• Material for this task:
|---|
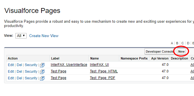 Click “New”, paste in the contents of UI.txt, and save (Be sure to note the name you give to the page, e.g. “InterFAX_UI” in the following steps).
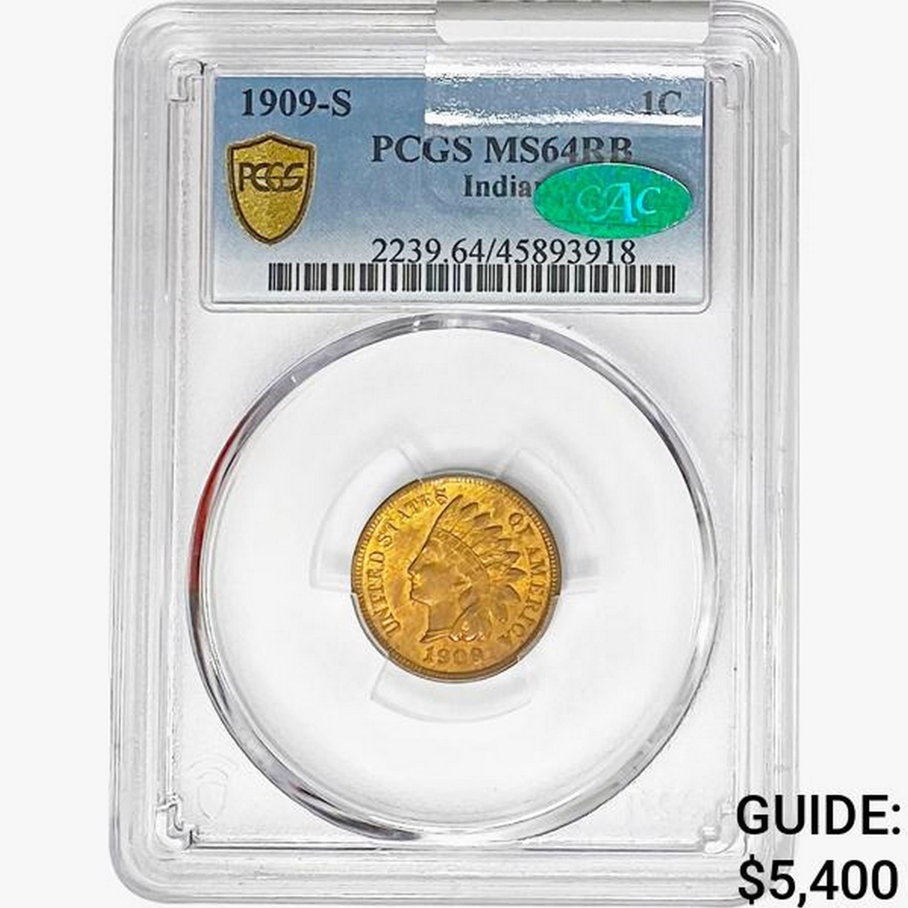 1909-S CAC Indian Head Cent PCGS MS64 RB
|---|
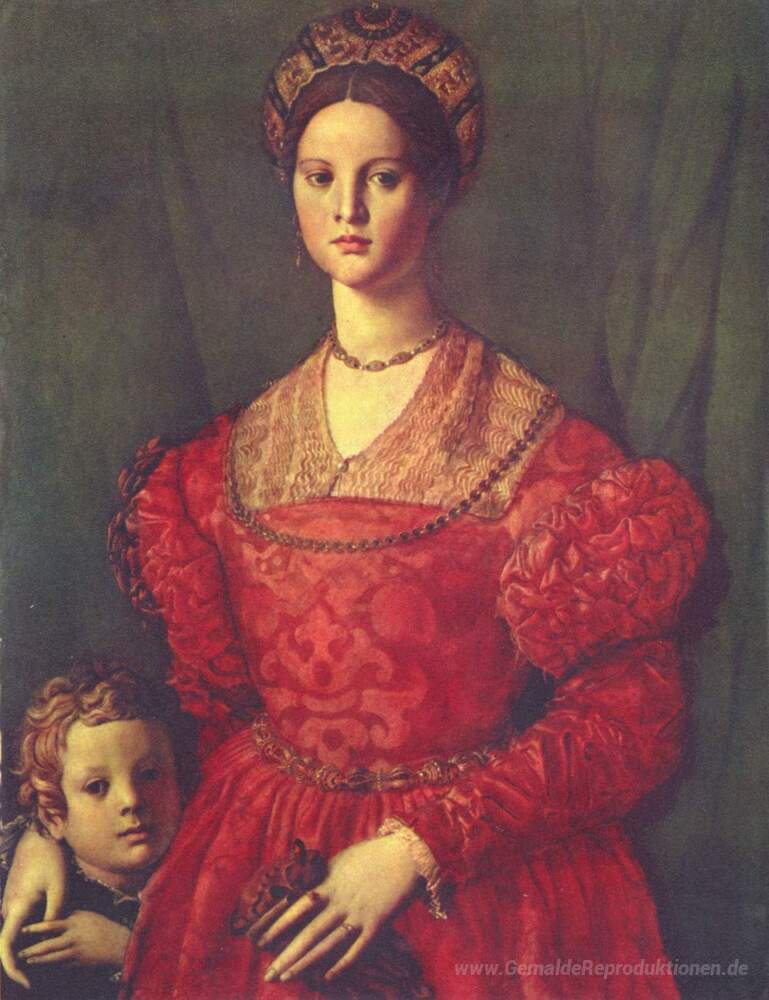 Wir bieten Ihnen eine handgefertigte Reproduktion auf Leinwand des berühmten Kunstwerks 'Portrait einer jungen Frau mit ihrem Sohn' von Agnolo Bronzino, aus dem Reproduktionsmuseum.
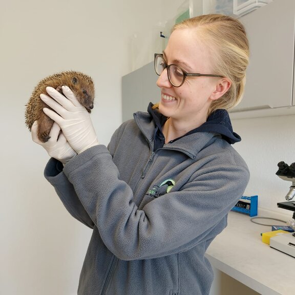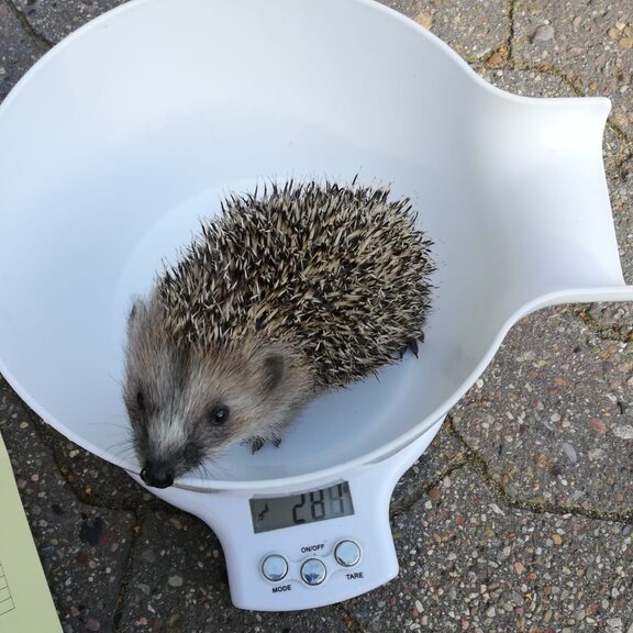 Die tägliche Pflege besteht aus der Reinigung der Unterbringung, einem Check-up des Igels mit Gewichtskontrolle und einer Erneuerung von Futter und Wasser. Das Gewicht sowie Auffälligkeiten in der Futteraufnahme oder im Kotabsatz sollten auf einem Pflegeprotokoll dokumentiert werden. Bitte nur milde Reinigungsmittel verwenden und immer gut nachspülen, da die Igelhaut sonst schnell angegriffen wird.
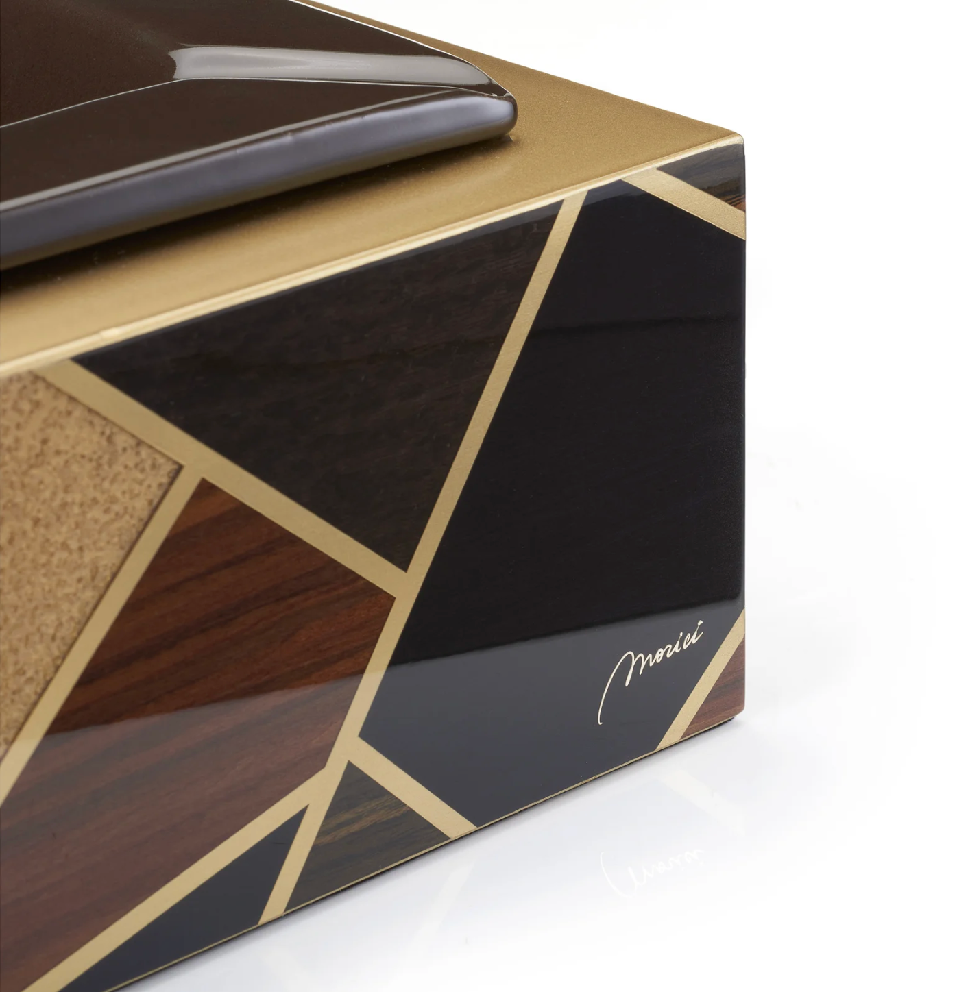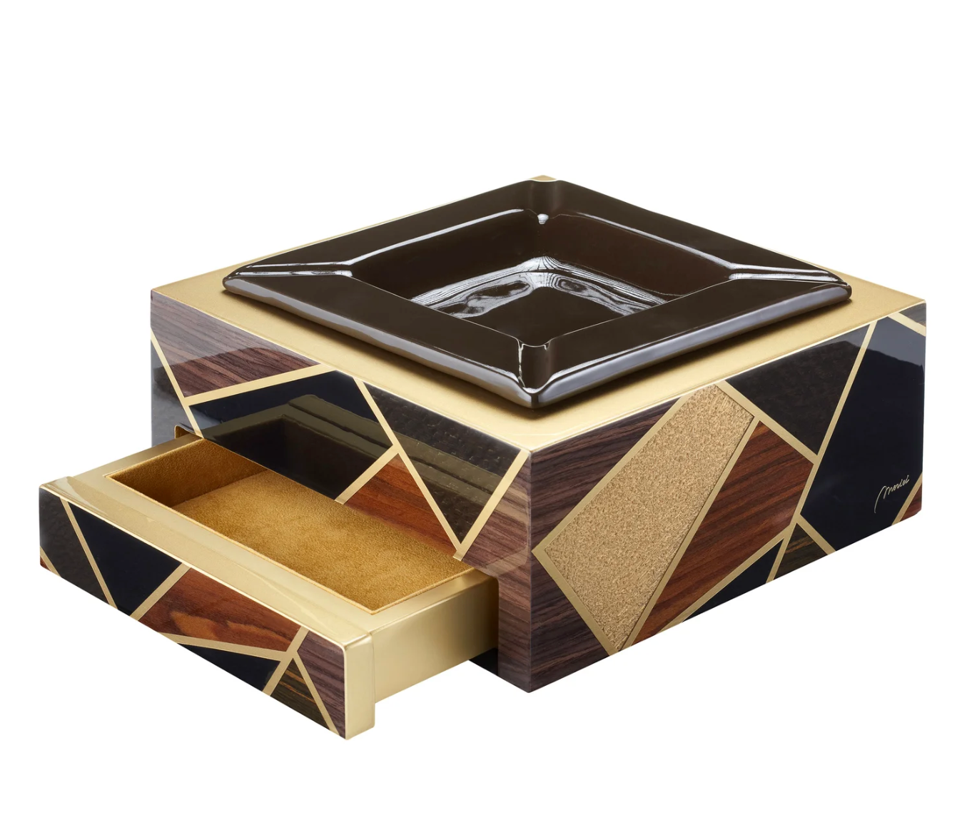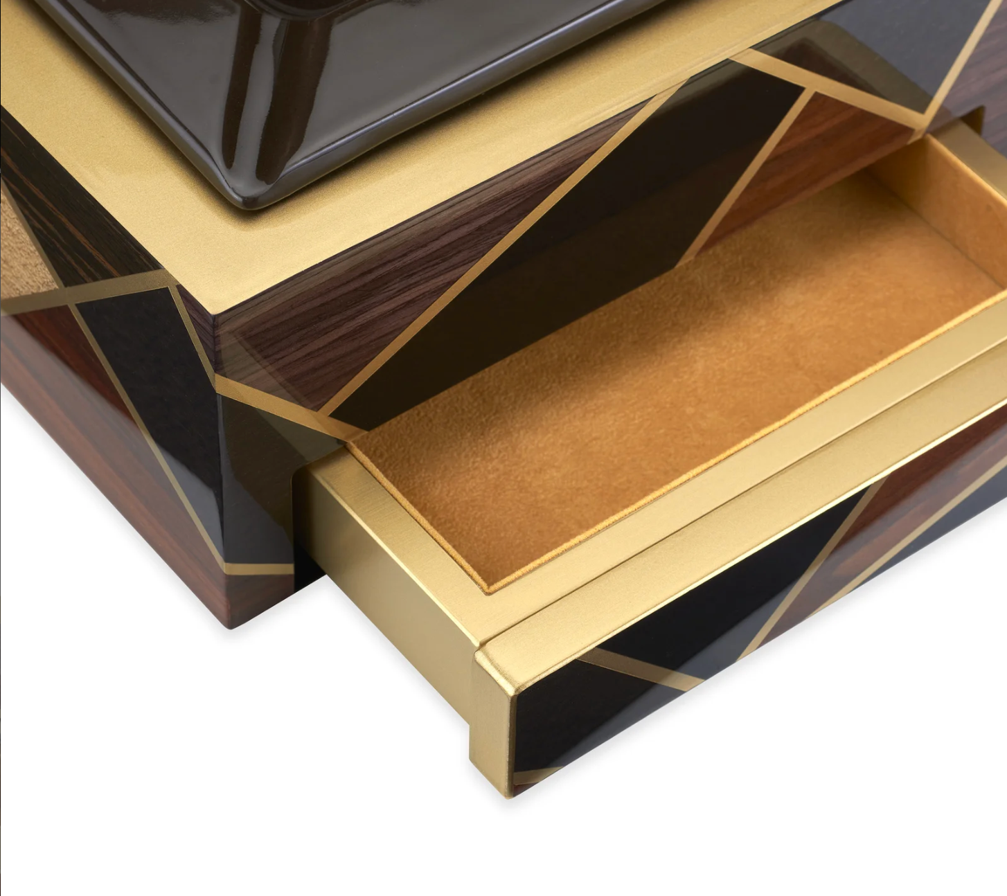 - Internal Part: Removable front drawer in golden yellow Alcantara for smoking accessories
|---|
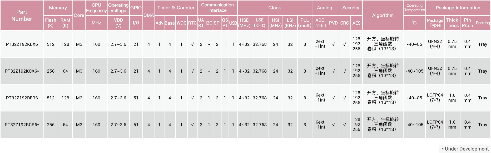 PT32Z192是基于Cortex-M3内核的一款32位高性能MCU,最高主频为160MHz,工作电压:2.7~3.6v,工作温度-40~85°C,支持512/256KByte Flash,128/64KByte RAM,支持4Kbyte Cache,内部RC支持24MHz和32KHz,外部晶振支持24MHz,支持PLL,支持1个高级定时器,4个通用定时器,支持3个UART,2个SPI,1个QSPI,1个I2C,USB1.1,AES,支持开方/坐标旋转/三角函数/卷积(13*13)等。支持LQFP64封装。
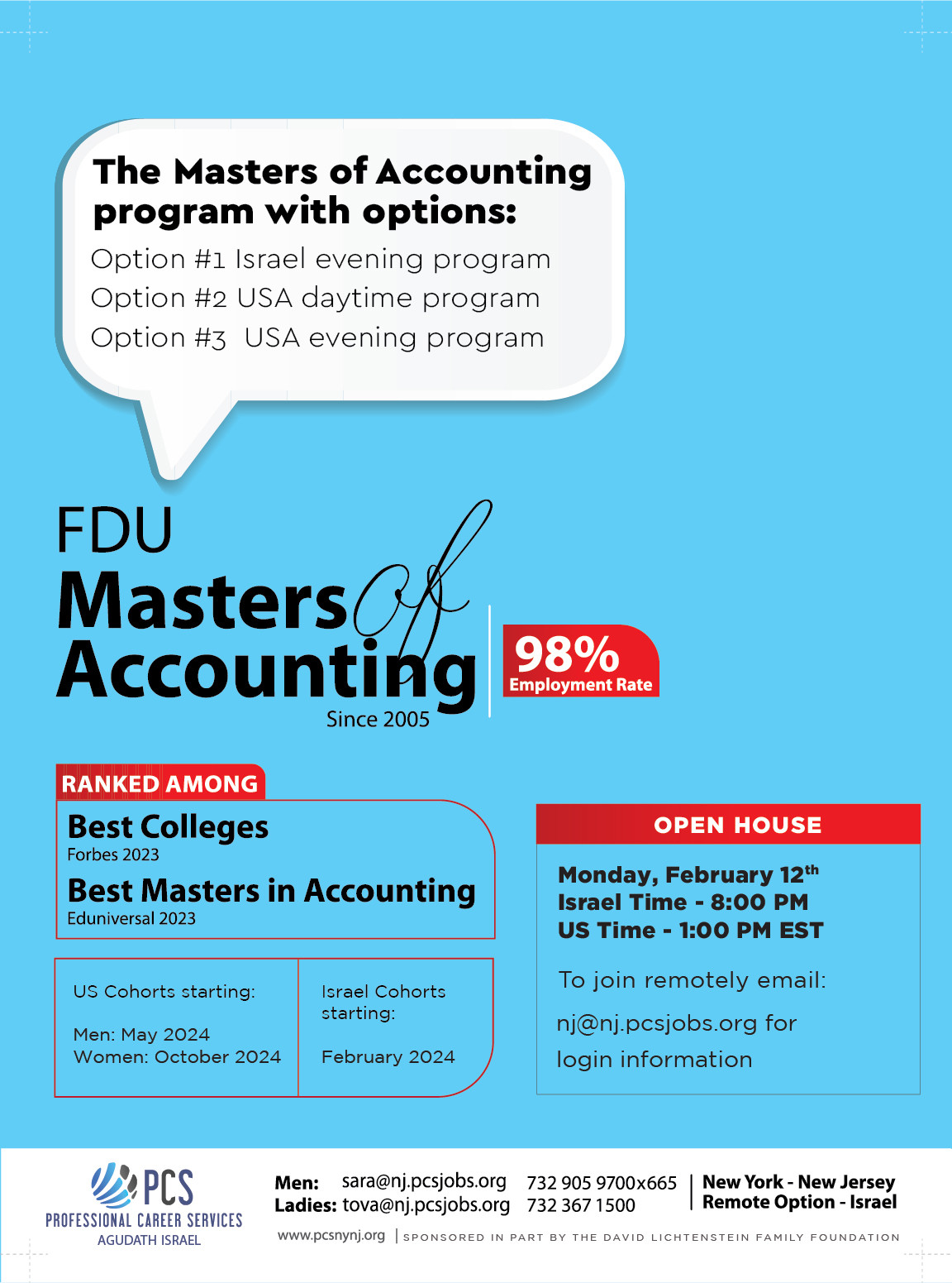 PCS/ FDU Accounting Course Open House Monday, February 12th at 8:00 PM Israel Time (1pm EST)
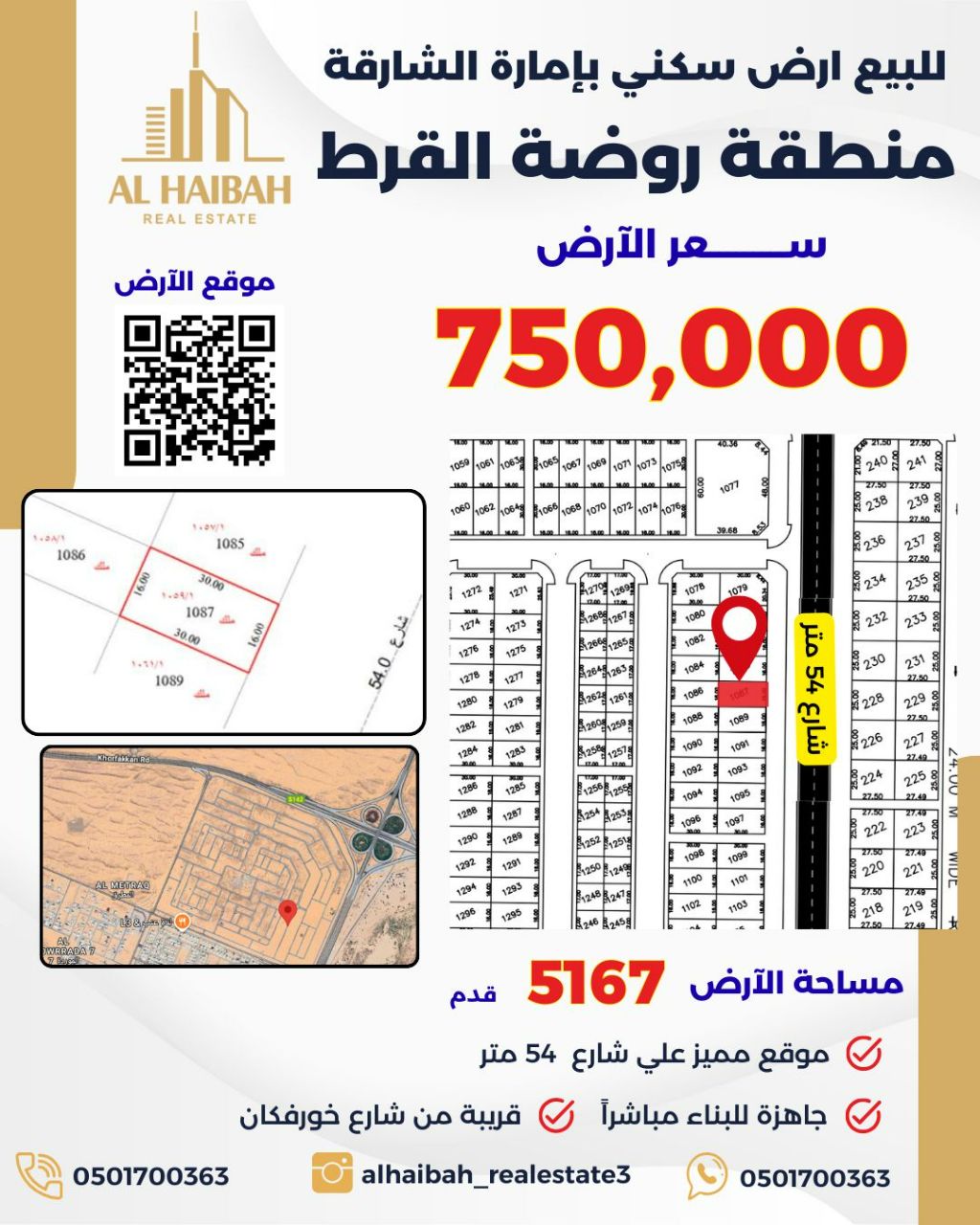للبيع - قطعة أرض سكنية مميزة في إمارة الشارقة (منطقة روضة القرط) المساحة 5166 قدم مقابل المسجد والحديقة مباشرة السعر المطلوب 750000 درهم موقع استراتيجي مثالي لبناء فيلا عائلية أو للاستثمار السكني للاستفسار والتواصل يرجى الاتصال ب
|---|
• Assignment: Leaving all pictures out, output exactly the lines of the material above from the line with "Die tägliche Pflege" to the line with "- Internal Part: Removable", both included.

• Solved exercise:
 Die tägliche Pflege besteht aus der Reinigung der Unterbringung, einem Check-up des Igels mit Gewichtskontrolle und einer Erneuerung von Futter und Wasser. Das Gewicht sowie Auffälligkeiten in der Futteraufnahme oder im Kotabsatz sollten auf einem Pflegeprotokoll dokumentiert werden. Bitte nur milde Reinigungsmittel verwenden und immer gut nachspülen, da die Igelhaut sonst schnell angegriffen wird.
 - Internal Part: Removable front drawer in golden yellow Alcantara for smoking accessories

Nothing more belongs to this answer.